There was also bluestone edging, a bluestone-lined well, cracked concrete and weathered, mossy bricks, all of which were kept to imbue the garden with what Warner describes as a sense of “an evolving and ongoing history”. An existing willow tree, two cherry plums and a couple of patches of vinca were also preserved to evoke times past.
But these old elements were paired with unashamedly new elements that feel pared back and subtle. The latest incursions play up the textures and character of what was there before.
The old concrete and brick paving now sits alongside chunky gravel, the retained trees and shrubs are now surrounded by relaxed feeling grasses, wattles and wildflowers, and the entire site is bound by contemporary square picket fencing.
A stockpile of bluestone found on site has been used to construct a formal arrangement of raised vegetable beds, positioned in the same spot as photographs suggest a vegetable garden had existed before. But the swale that has been established – to improve drainage – around the block’s perimeter is an entirely new development. It has been filled with Indigenous species that can cope with the intermittently wet and dry conditions, plants that would have been present before European settlement, and that possibly remained in the Kelly’s time too.

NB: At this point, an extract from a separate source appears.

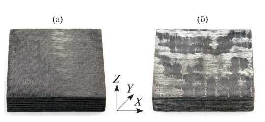Внешний вид исследуемых материалов приведен на рис. 1. Видно, что они имеют слоистую структуру с толщиной слоя ~0.7 мм, состоящего из углеродной матрицы и армирующего волокна. Плоскость армирования X–Y расположена вдоль слоев углеродной ткани, ось Z направлена перпендикулярно им. Таким образом, у данных материалов имеются два характерных направления и, соответственно, два основных компонента тензора кинетических свойств: в направлении плоскостей слоев и перпендикулярно этим плоскостям. При этом сами значения свойств являются эффективными, так как характеризуют свойства данного объема слоистого материала в том или ином направлении.

The whole effect feels resilient in the face of our changing climate and, while there are strong links to the past, the garden doesn’t feel out of place in what is now an urban growth corridor.
In Kelly’s day, this area was harsh farming country, but new houses and roads are steadily moving closer to this property that was purchased by the Victorian Government in 2019 and was revitalised under the supervision of Heritage Victoria.
Warner says that, 160 years after the Kelly family left Beveridge, it’s impossible to know the kind of garden they kept. There is no telling precisely what landscape details date from their time and what might have been introduced by later occupants. But what is undeniable is that the retention of elements of times gone by serves to highlight the cyclical processes of ageing and renewal.
Warner’s advice to others tending gardens with history is to take your time before making any big changes. “Think about the possibilities and don’t go in straightaway and remove all traces of the past. Consider what might be kept and what that might still offer in terms of garden interest.”